§ **PROMPT**
From the line that contains "中にはタコの干物が! 大漁旗" through the closing line of the entries, write out each line exactly; pictures stay out.

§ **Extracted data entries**
=== Section Start ===
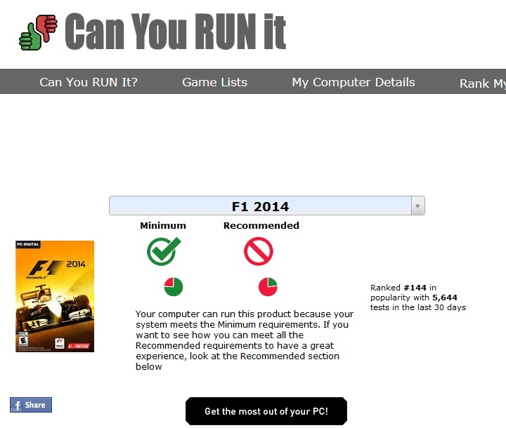 Caso os requisitos mínimos e recomendados não o ajudem a entender se seu PC será capaz de rodar o jogo em suas configurações mínimas ou máximas nós indicamos um aplicativo que pode facilitar sua vida, o “Can You RUN It”, um aplicativo que pode ser baixado no seu desktop para identificar o hardware do seu PC e determinar se ele é capaz de rodar determinado jogo no mínimo e no máximo. O teste também pode ser feito online através do site, basta escolher o jogo e permitir os complementos, o resultado detalhado inclusive com o que é preciso melhorar para chegar ao mínimo ou recomendado no seu hardware.
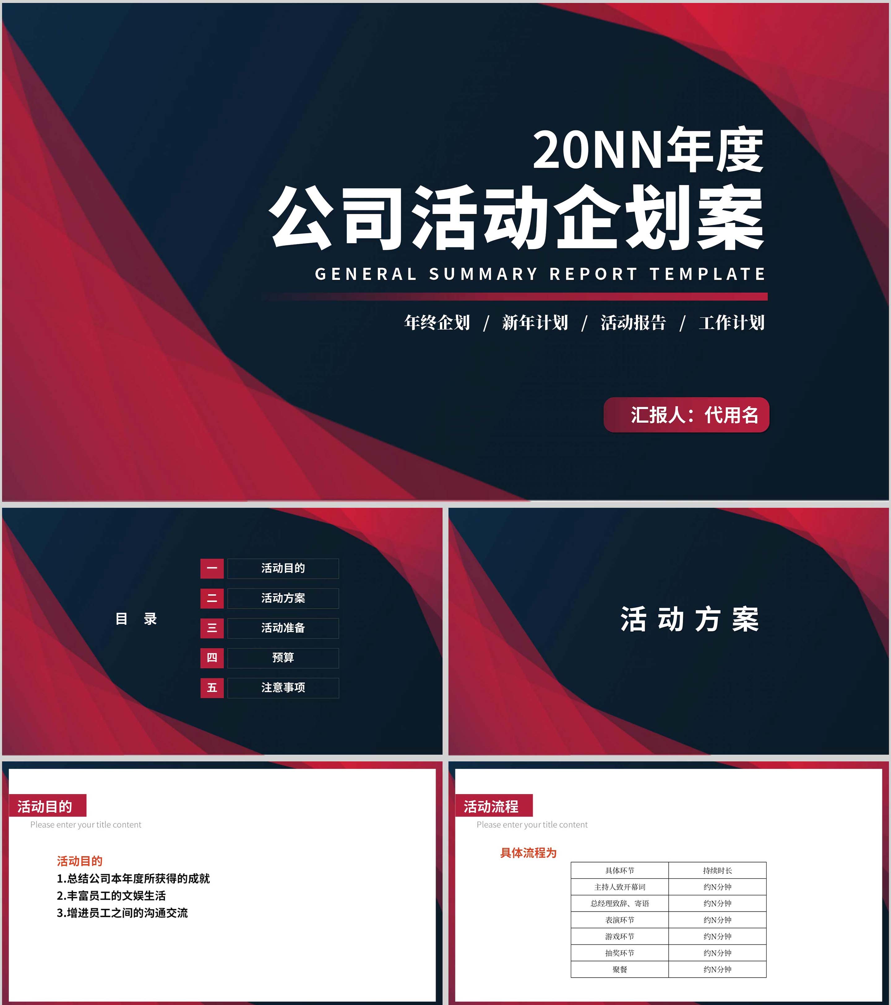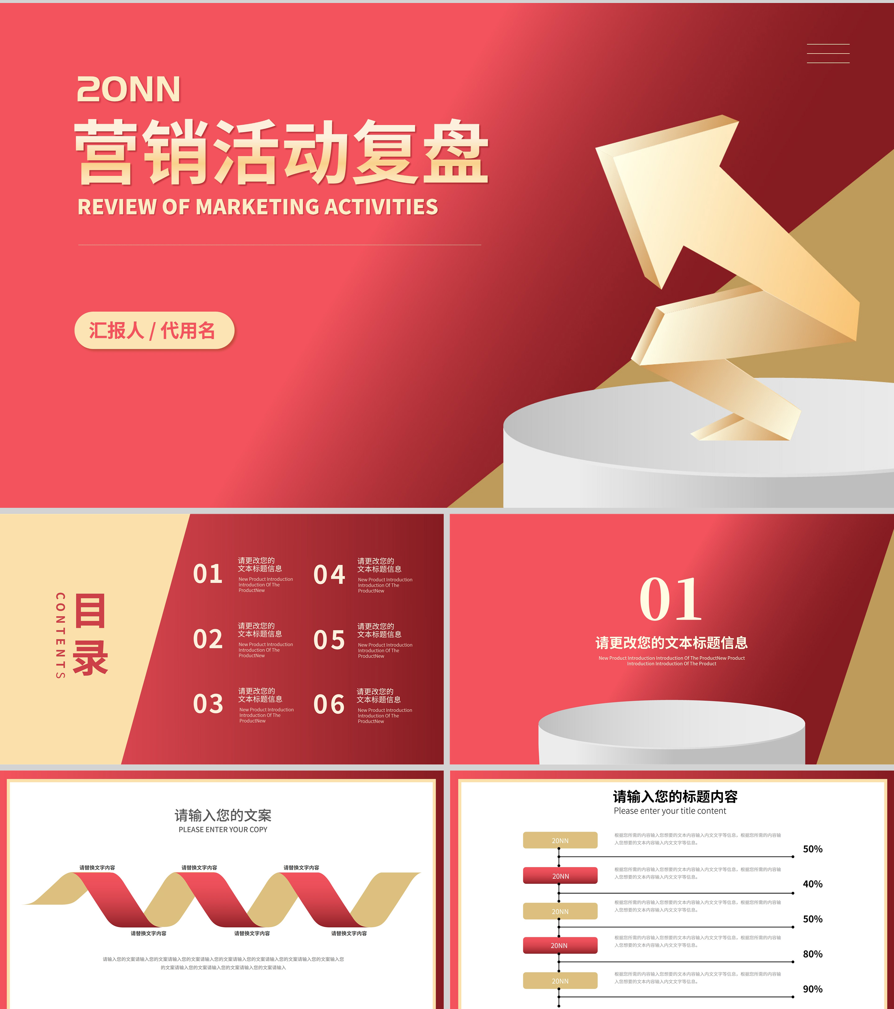 红色扁平风新年营销活动复盘策划方案PPT模板
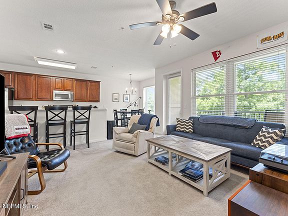 Enjoy carefree condo living in this immaculate second-floor unit with elevator access in the sought-after gated community of Wolf Creek. This spacious 3BR/2BA home features an open-concept layout with abundant natural light, fresh paint, in-unit washer/dryer, and ceiling fans in every room. The large primary suite offers an ensuite bath with dual vanities, walk-in shower, and generous closet. Two additional bedrooms share a full bath. Relax on the private screened balcony with serene pond views. Enjoy resort-style amenities: pool, fitness center, car wash, and clubhouse. A pedestrian gate offers easy access to nearby shopping and dining. Ideal location- conveniently located near Mayport, St. Johns Town Center, Mayo Clinic, and pristine beaches!
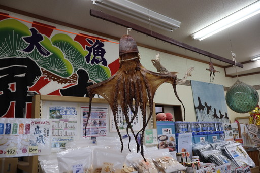 中にはタコの干物が! 大漁旗も飾られていて、写真映えすることこの上なし。ただ、肝心のタコの干物はなかなか私たちの予想を上回っている値段で、手が出しづらい。
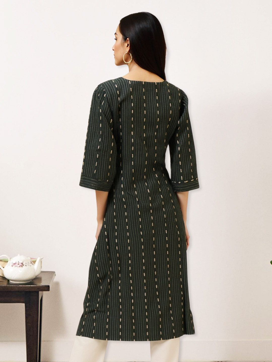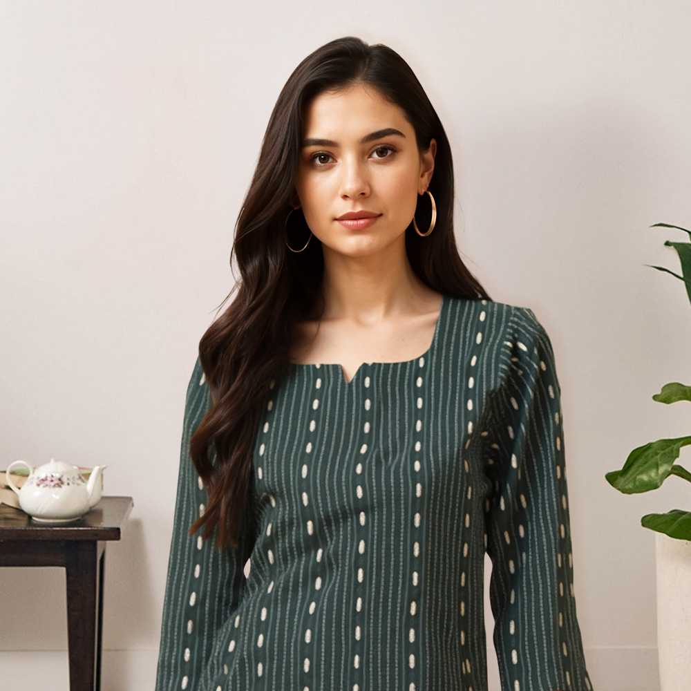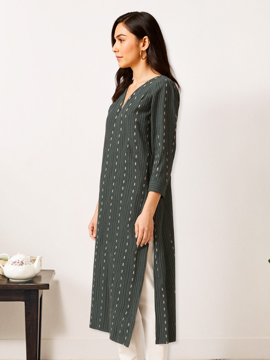 Crafted with 3/4th sleeves, this kurta ensures all-day comfort while keeping your style game strong — whether you're at work, running errands, or catching up with friends.
=== Section End ===
§ **TASK RESULT**
 中にはタコの干物が! 大漁旗も飾られていて、写真映えすることこの上なし。ただ、肝心のタコの干物はなかなか私たちの予想を上回っている値段で、手が出しづらい。
 Crafted with 3/4th sleeves, this kurta ensures all-day comfort while keeping your style game strong — whether you're at work, running errands, or catching up with friends.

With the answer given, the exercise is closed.